↓
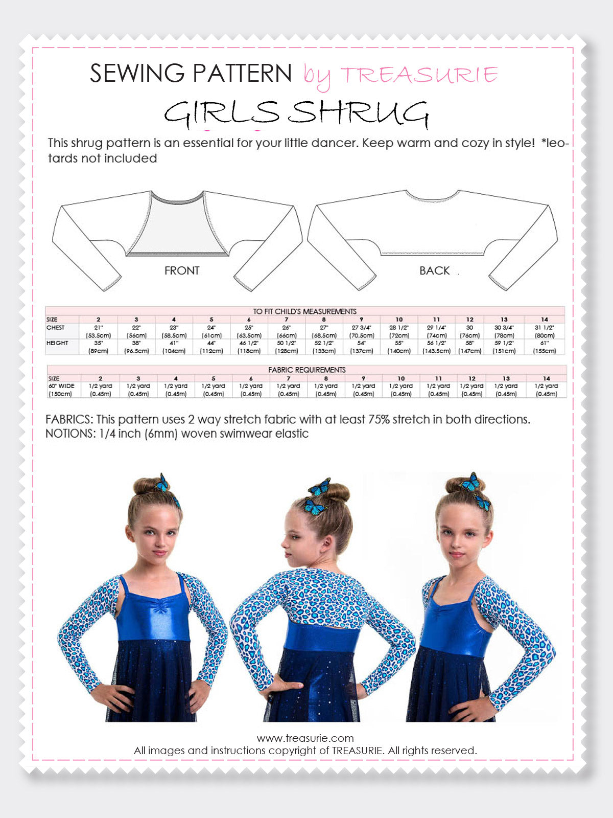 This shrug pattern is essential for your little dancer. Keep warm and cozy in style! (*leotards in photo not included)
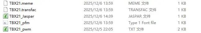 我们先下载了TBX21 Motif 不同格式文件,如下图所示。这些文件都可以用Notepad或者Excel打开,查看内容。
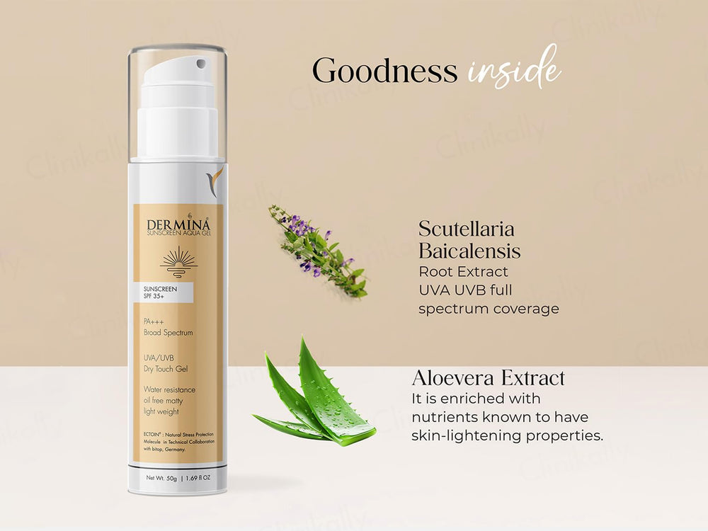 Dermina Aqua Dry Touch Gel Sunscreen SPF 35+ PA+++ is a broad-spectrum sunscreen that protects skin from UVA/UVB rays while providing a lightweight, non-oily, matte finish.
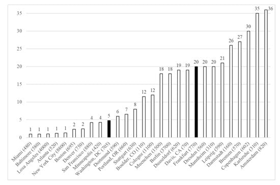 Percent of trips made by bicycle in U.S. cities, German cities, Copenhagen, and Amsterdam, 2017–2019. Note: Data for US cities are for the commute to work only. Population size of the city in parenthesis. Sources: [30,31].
↑
→ **Problem to solve**
Go through the listing above and retype it exactly, skipping every picture.

→ **Answer box**
 This shrug pattern is essential for your little dancer. Keep warm and cozy in style! (*leotards in photo not included)
 我们先下载了TBX21 Motif 不同格式文件,如下图所示。这些文件都可以用Notepad或者Excel打开,查看内容。
 Dermina Aqua Dry Touch Gel Sunscreen SPF 35+ PA+++ is a broad-spectrum sunscreen that protects skin from UVA/UVB rays while providing a lightweight, non-oily, matte finish.
 Percent of trips made by bicycle in U.S. cities, German cities, Copenhagen, and Amsterdam, 2017–2019. Note: Data for US cities are for the commute to work only. Population size of the city in parenthesis. Sources: [30,31].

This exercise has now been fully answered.